Both 18S markers included a higher proportion of false positives and contamination in the extraction blanks and PCR negatives than other gene regions, possibly due to a mismatch between the resolution of the 18S barcoding region and the species composition of the DNA pools (e.g., 18S may be better for identifying diverse groups to class or order and consequently picks up more bacterial contamination; SI, Fig. S4). A similar explanation – non-specific amplification – may account for the limited number of target taxa amplified by the lone 28S locus. Interestingly, a prior study noted that non-specific amplification in COI markers impaired eDNA analyses for marine and freshwater fishes (Collins et al., 2019); yet this study did not test either of our top-performing COI markers, illustrating both the impressive number of universal fish COI markers and that non-specific amplification resulting in false detections can vary among markers within a single barcoding gene and for different applications, i.e., tissue mixture metabarcoding or eDNA.

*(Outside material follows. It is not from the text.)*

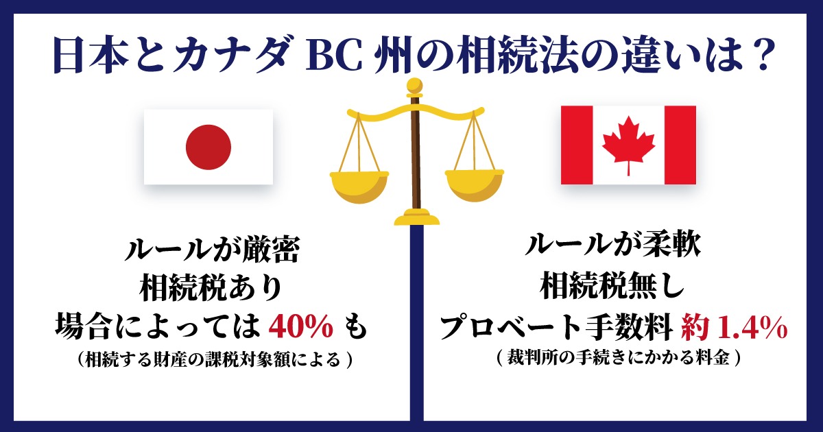 ただ、カナダでは遺産を相続する際に、裁判所の手続き(Probate)が必要になることが多いです。その際、BC州ではプロベート手数料が約1.4%ほどかかるのですが、日本の相続税に比べると大きな差があります。(※資産の規模にもよります)

Unfortunately, three markers that have amplified well in other studies (e.g., Polanco et al., 2021; Pont et al., 2018) got so few sequencing reads that we were unable to retain them in our analysis. The three markers that dropped out were also those that, based on preliminary data (agarose gel bands), we chose to amplify in multiplex PCR reactions (paired with one additional marker, in each case). However, for each of the three multiplexes, one marker performed well, and one did not. Thus, our exploration of multiplex reactions revealed challenges that would require taking amplified products through to sequencing in order to confirm that both markers receive a comparable number of reads (De Barba et al., 2014). Despite the validation steps necessary for effective multiplexing, doing so with complementary markers that amplify different barcoding genes could ultimately yield a more efficient laboratory workflow.
Taken together, our results underscore the advantages of using an optimized portfolio of barcoding markers (similar to results described by Shaw et al., 2016; Zhang, Zhao, & Yao, 2020), yet also reveal that adding markers to a portfolio without testing for complementarity can increase project costs and laboratory effort without improving detection or identification. Further, additional markers can increase the number of false positive observations – by nontarget amplification or mismatches with reference data – and these issues can be more acute when researchers seek high-resolution species identification from broad biodiversity surveys. For studies aiming to quantify biodiversity based on sequence variation patterns, researchers should also be aware of potential nontarget amplification of nuclear mitochondrial pseudo-genes (numts), and can use available software (i.e., metaMATE , Andújar et al., 2021) to remove these sources of error.